- Opening Delimiter -

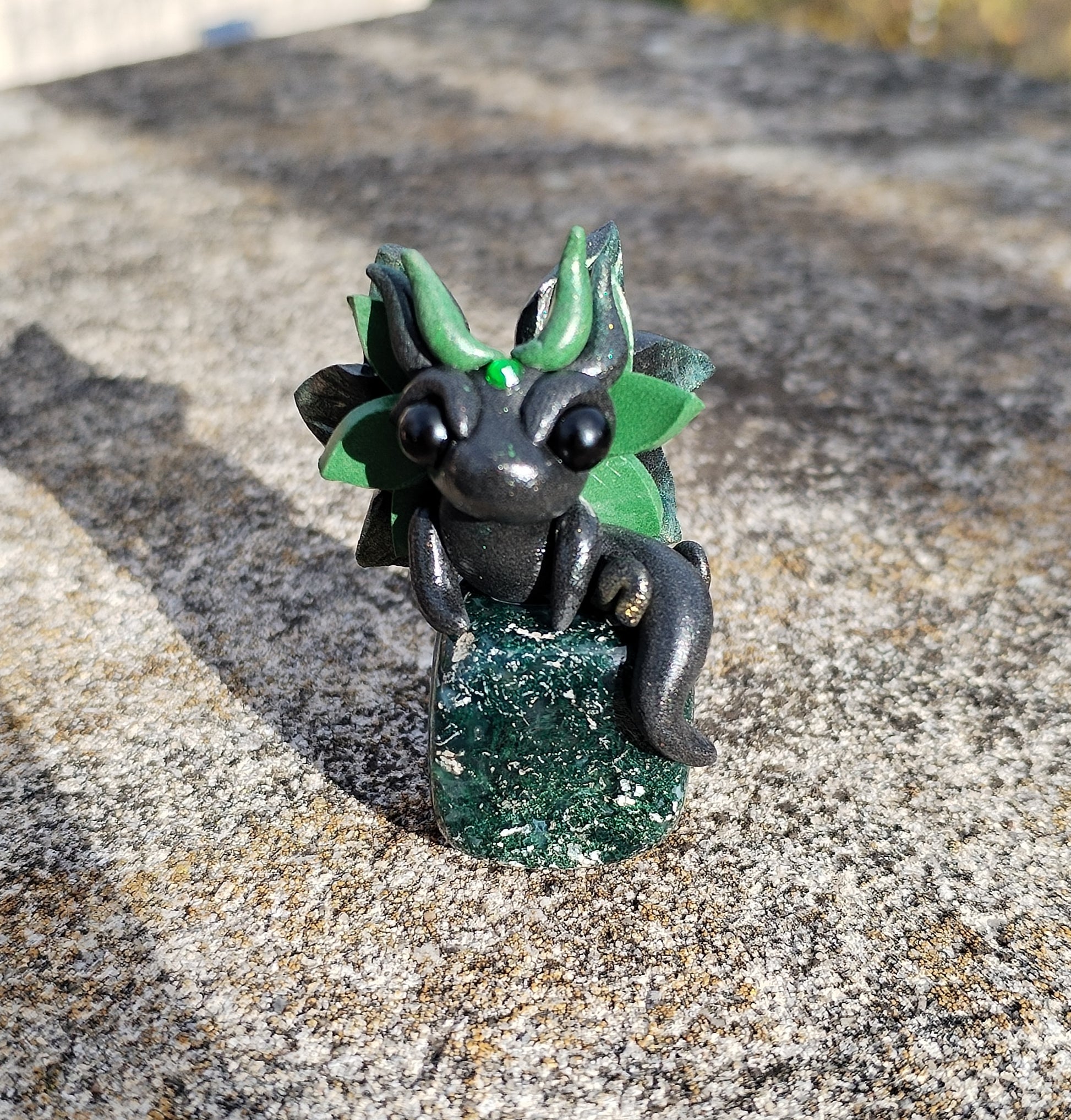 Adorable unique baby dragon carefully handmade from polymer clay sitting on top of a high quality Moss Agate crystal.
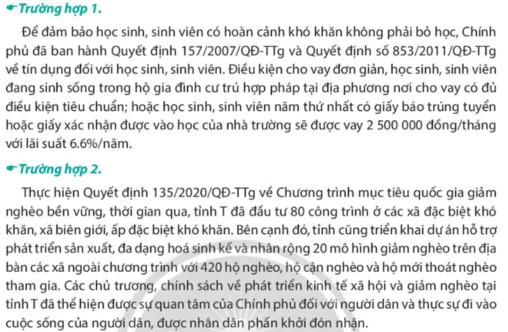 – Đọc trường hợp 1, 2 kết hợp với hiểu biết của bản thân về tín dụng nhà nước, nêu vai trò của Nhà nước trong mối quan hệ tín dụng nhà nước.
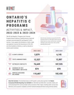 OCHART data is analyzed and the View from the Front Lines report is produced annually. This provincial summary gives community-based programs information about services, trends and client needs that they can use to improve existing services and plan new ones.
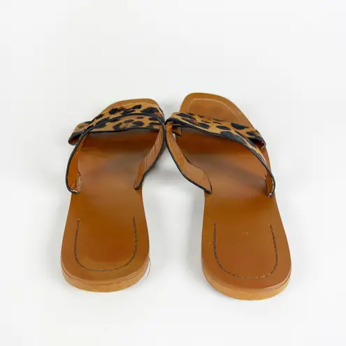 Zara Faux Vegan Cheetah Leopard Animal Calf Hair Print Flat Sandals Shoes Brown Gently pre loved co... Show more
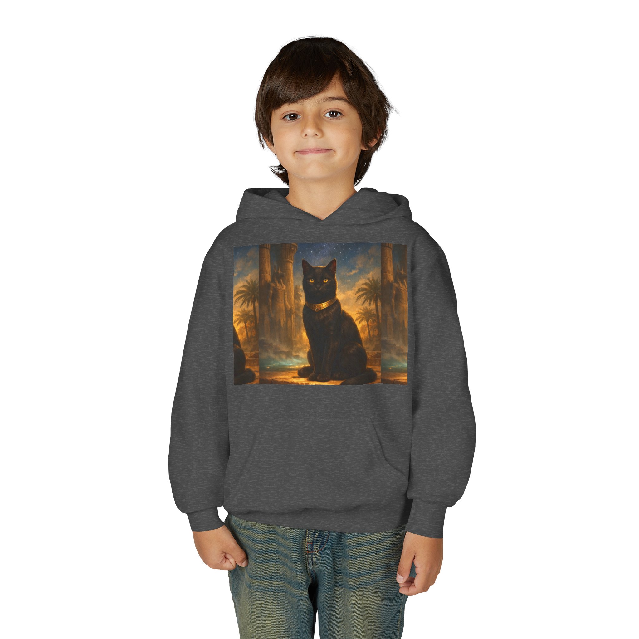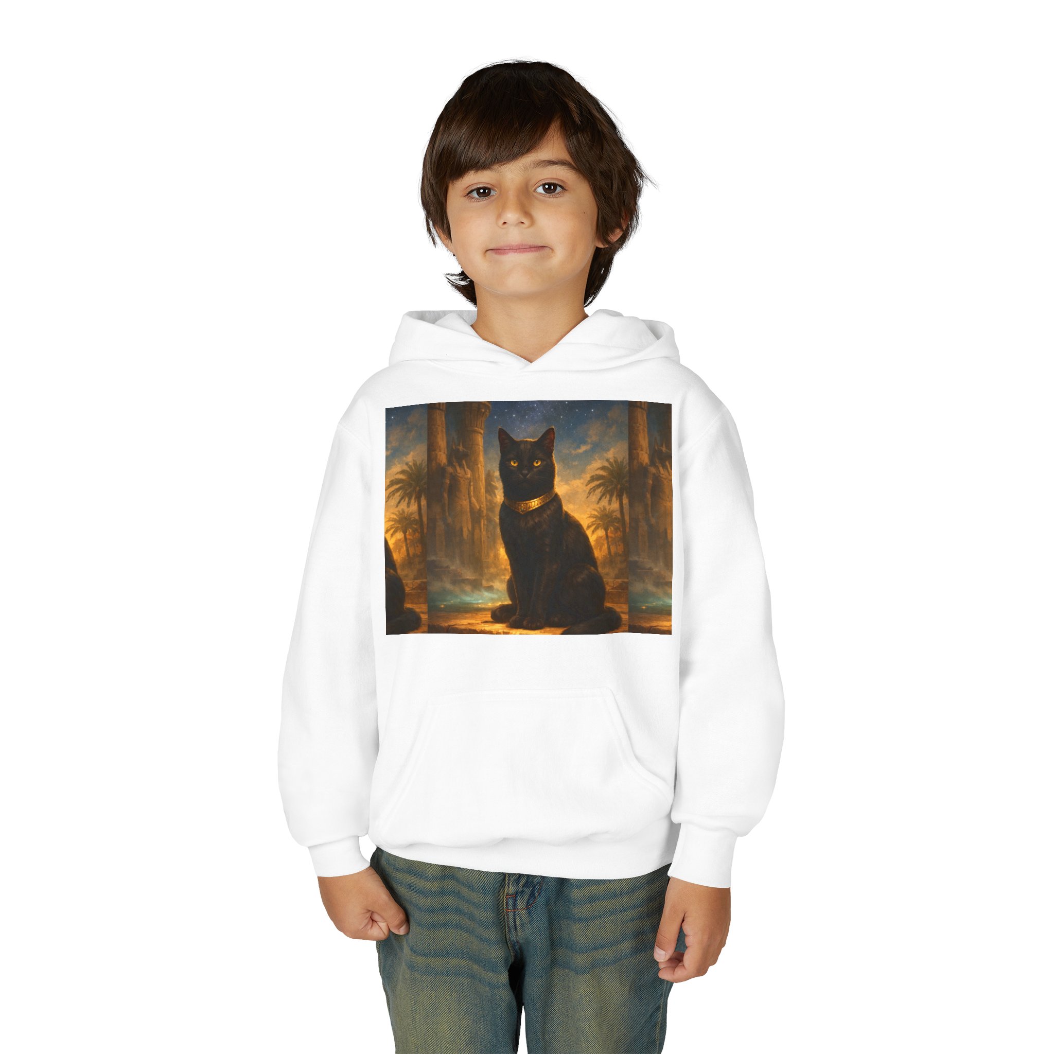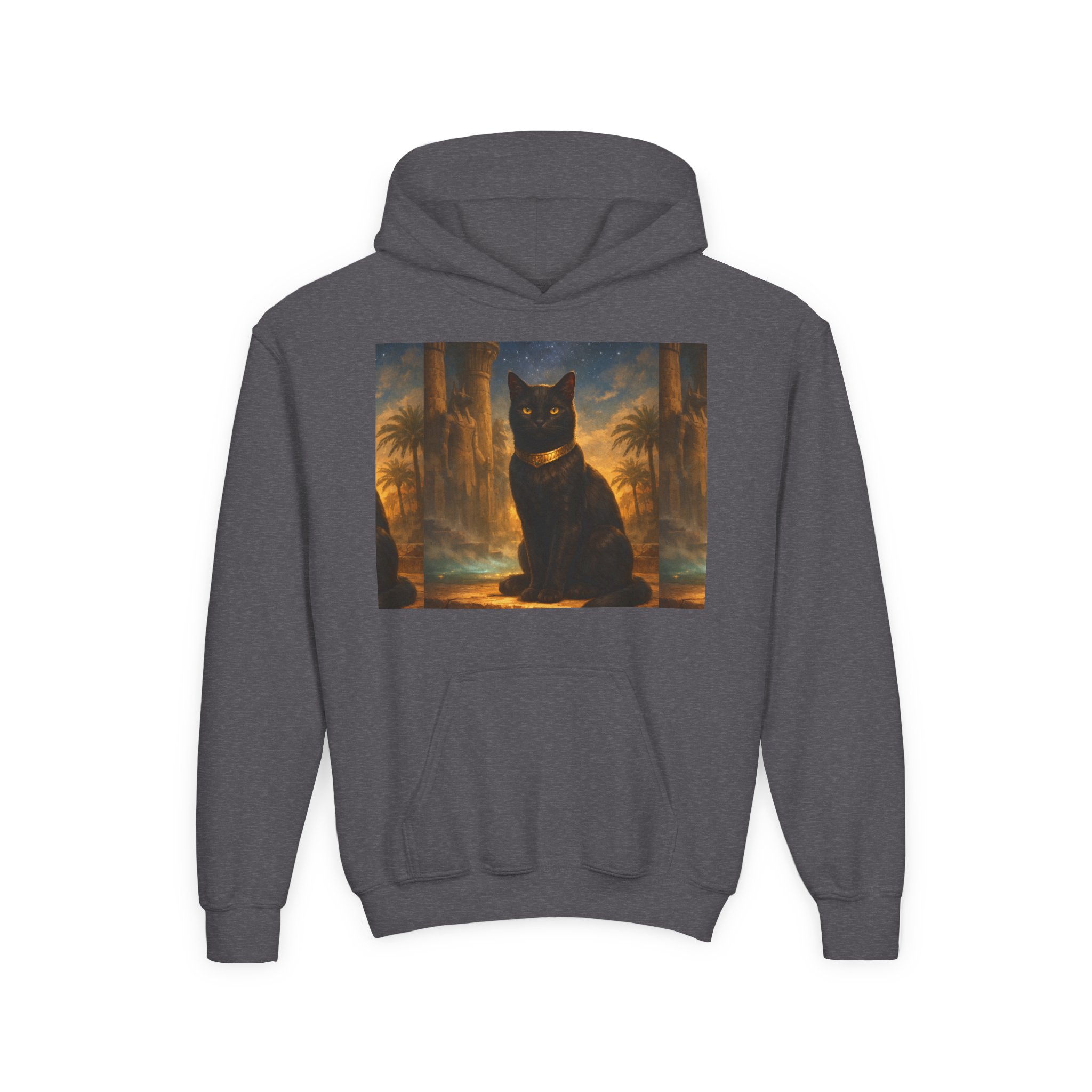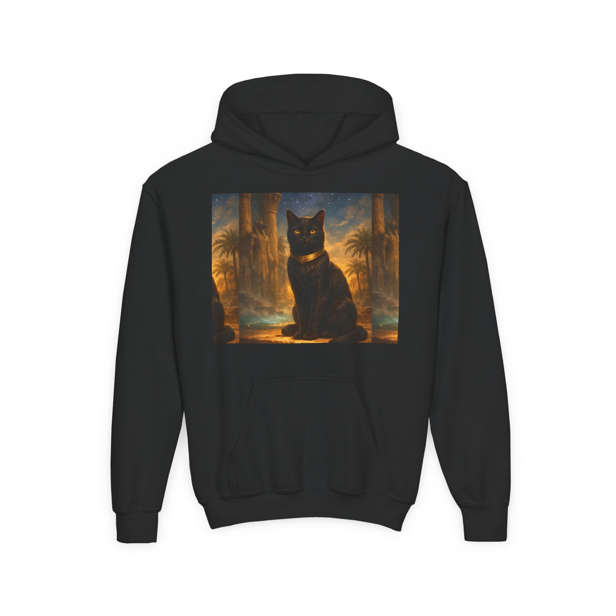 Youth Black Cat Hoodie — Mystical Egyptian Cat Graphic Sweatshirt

- Closing Delimiter -

PROBLEM
Transcribe exactly, with no pictures, the lines running from the first line of the material through the line holding "Zara Faux Vegan".

RESULT OF THIS TASK
 Adorable unique baby dragon carefully handmade from polymer clay sitting on top of a high quality Moss Agate crystal.
 – Đọc trường hợp 1, 2 kết hợp với hiểu biết của bản thân về tín dụng nhà nước, nêu vai trò của Nhà nước trong mối quan hệ tín dụng nhà nước.
 OCHART data is analyzed and the View from the Front Lines report is produced annually. This provincial summary gives community-based programs information about services, trends and client needs that they can use to improve existing services and plan new ones.
 Zara Faux Vegan Cheetah Leopard Animal Calf Hair Print Flat Sandals Shoes Brown Gently pre loved co... Show more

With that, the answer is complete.